- BRIEF
What you return should be only the lines in the entries below between the one holding "資料圖為長江源村的一家藏餐吧內,店主李新財?shù)钠拮釉诿β怠?中新社記者 李雋 攝" and the one holding "Escape to Your", ends included, with every picture left out.

- DATA PROVIDED

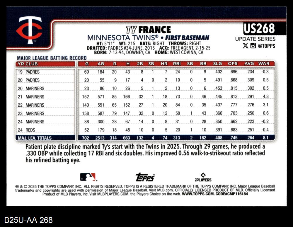 2025 Topps Update #268 Ty France
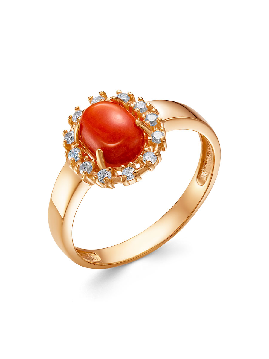 Кольцо выполнено из серебра 925 пробы с золотым покрытием. Характеристики. Вставка 1 натуральный коралл 8х6 мм огранка овал, 12 недрагоценных бесцветных фианитов 1,5 мм огранка круг. Высота декоративной части кольца 12 мм, ширина 1,5 мм, глубина вместе с камнем 4,4 мм. Ширина шинки 2,5 мм. Отличным дополнением к кольцу будут серьги арт. 2-04-333-28з и подвеска арт. 3-04-333-28з. Берегите изделие от воздействия влаги, любых спиртосодержащих растворов и жидкостей, а также парфюма. Для ухода и чистки желательно использовать специальные салфетки для серебра. Приятным дополнением к ювелирному украшению является фирменная упаковка. Значения веса и габаритов в характеристиках примерные и могут отличаться от фактических.
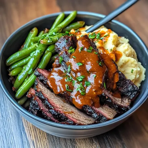 BBQ Brisket Bowl with Mashed Potatoes & Green Beans is a comforting, hearty dish that combines tender, flavorful brisket with creamy mashed potatoes and crisp green beans. The slow-cooked brisket is infused with smoky, tangy BBQ sauce, creating the perfect balance of savory and sweet flavors. Paired with mashed potatoes, which are rich and buttery, and green beans that provide a fresh crunch, this dish is a true crowd-pleaser. Whether you’re cooking for a family dinner, a special occasion, or just looking for a satisfying meal, this BBQ Brisket Bowl with Mashed Potatoes & Green Beans will undoubtedly become a favorite. The combination of flavors and textures makes this meal an unforgettable comfort food experience.
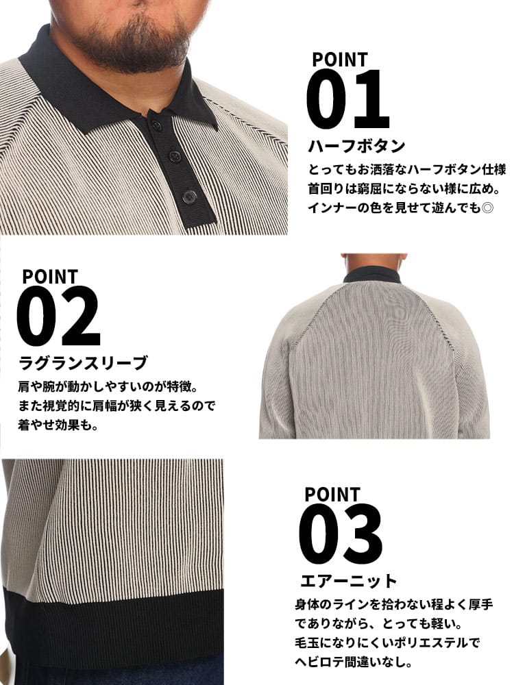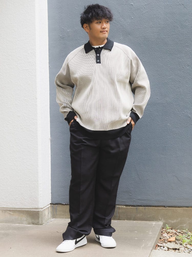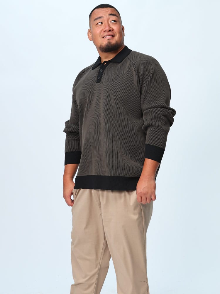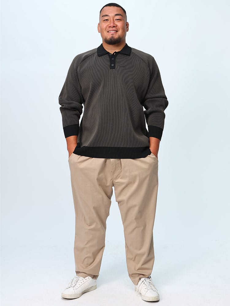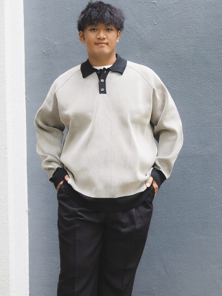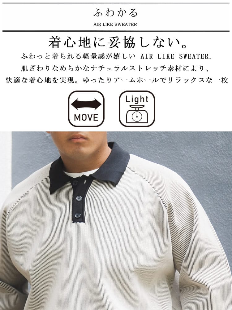 この長袖エアーニットポロは、軽量でストレッチ性に優れた快適なアイテムです。柔らかな素材感が特徴で、長時間の着用でも疲れにくいです。リブ編みのデザインはシンプルでありながらもエレガントで、カジュアルからビジネスカジュアルまで幅広いスタイルに対応します。軽やかな着心地と動きやすさを兼ね備えており、日常の様々なシーンで活躍します。
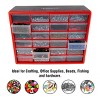 - With 24 compartments housed in a frame, this organization and storage cabinet is ideal for holding many types of items, including fishing tackle, office supplies, nuts, screws, and bolts, crafting materials, beads, makeup, and jewelry
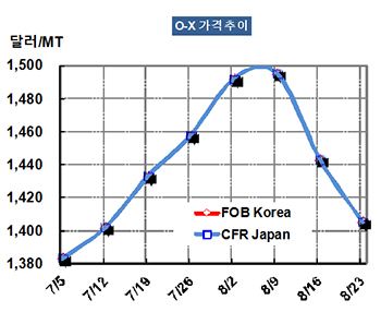 O-X 가격은 8월23일 FOB Korea 톤당 1405달러로 38달러 급락했다.
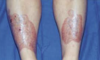 Painful wheals on the upper legs and back that have been present for 2 weeks. Individual lesions resolve with bruising in 3 to 4 days. The patient also reports some associated joint pain, particularly of the small joints in her hands.
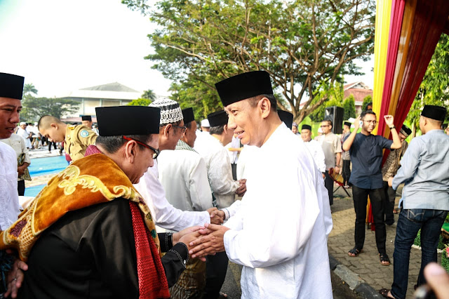Bandar Lampung (Timenews.id) -- Pjs. Gubernur Lampung Didik Suprayitno dan sejumlah pejabat di lingkungan Prmprov Lampung melakukan ibadah Sholat Idul Fitri 1439H/2018 di Lapangan Korem 043/Gatam Enggal Bandar Lampung, Jumat (15/6/2018). Pada solad ied tersebut, bertindak selaku khotib Rektor UIN Raden Intan Lampung, Prof. Dr. H. Moh. Mukri, M.Ag dengan tema khutbah: "Idul Fitri: Momentum Menebar Islam Rahmatan Lil'Alamin." Sedangkan imam yakni H. Hasbuna.
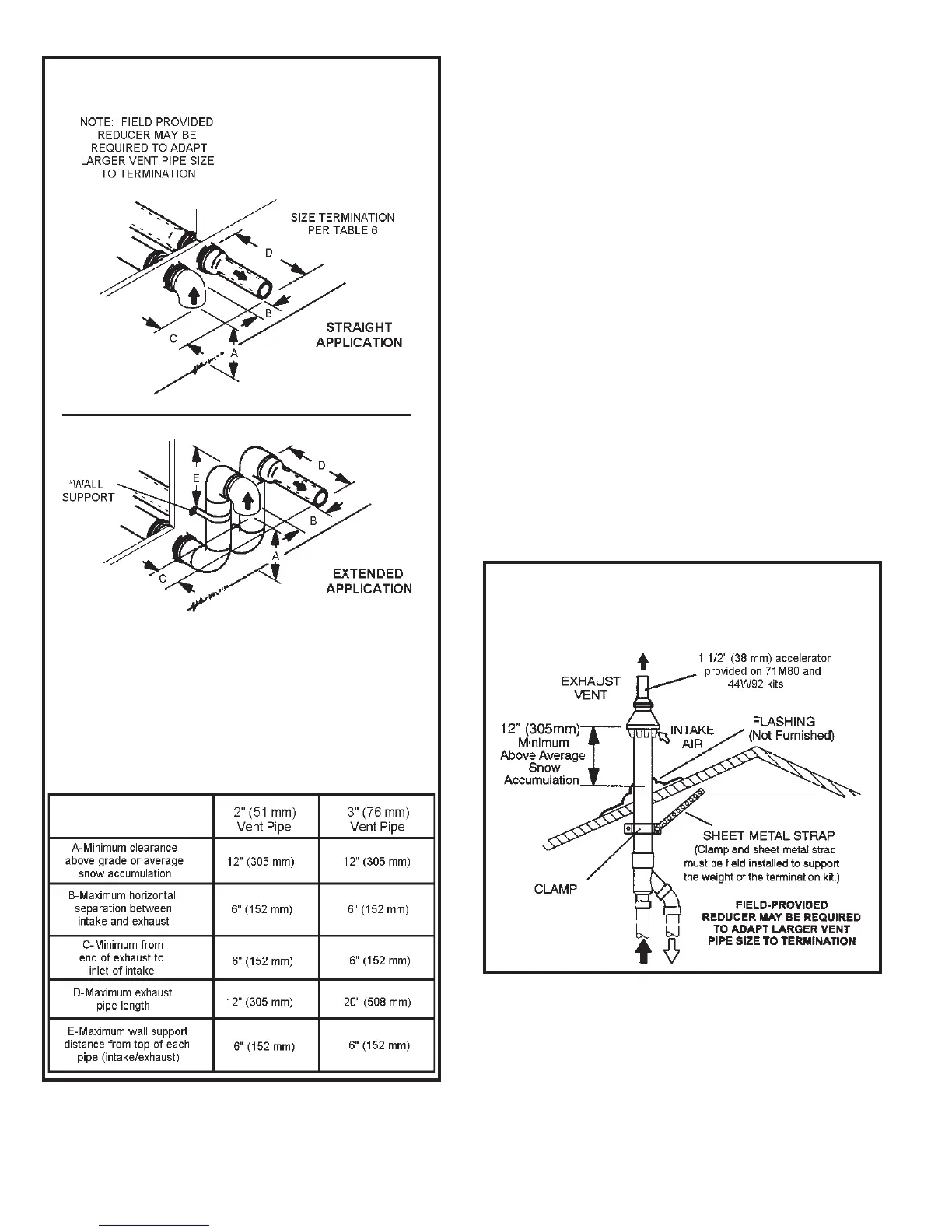 7. If intake and exhaust piping must be run up a side wall
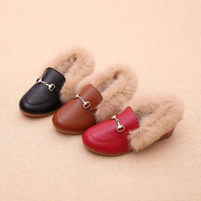 子供用 カジュアルシューズ ファー付きローファー ファースリッポン 靴 レザー調 フェイクファー キッズ用 フラットソール ぺたんこ フェイクレザー
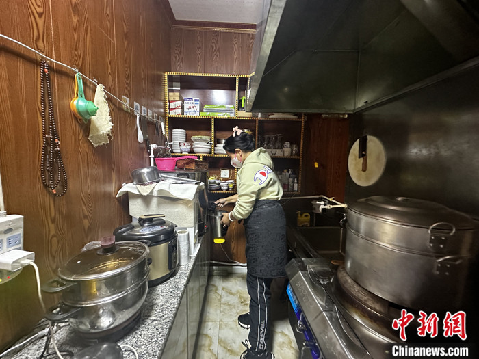 資料圖為長江源村的一家藏餐吧內,店主李新財?shù)钠拮釉诿β怠?中新社記者 李雋 攝
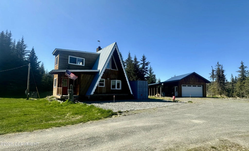 Escape to Your Own Private Retreat with this Adorable A-frame Chalet, nestled on nearly 2 Acres in the Serene and Sought-After West Hill area. Surrounded by Mature Trees and set back on a Circular Driveway, this Home offers the Perfect Blend of Privacy and Welcome. Enjoy the convenience of a Detached Garage with Carport, along with Two Fully Fenced Areas ideal for animals or a Garden. With plenty of space to grow, this property is ready for your Alaskan homesteading dreams. This is a rare opportunity to own a cozy, versatile home in one of Homer's most peaceful and scenic settings.
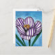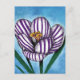 Crocus Will Preen is a simple floral featuring a purple and white striped open crocus bloom over a blue mottled background.

- TASK OUTPUT
 資料圖為長江源村的一家藏餐吧內,店主李新財?shù)钠拮釉诿β怠?中新社記者 李雋 攝
 Escape to Your Own Private Retreat with this Adorable A-frame Chalet, nestled on nearly 2 Acres in the Serene and Sought-After West Hill area. Surrounded by Mature Trees and set back on a Circular Driveway, this Home offers the Perfect Blend of Privacy and Welcome. Enjoy the convenience of a Detached Garage with Carport, along with Two Fully Fenced Areas ideal for animals or a Garden. With plenty of space to grow, this property is ready for your Alaskan homesteading dreams. This is a rare opportunity to own a cozy, versatile home in one of Homer's most peaceful and scenic settings.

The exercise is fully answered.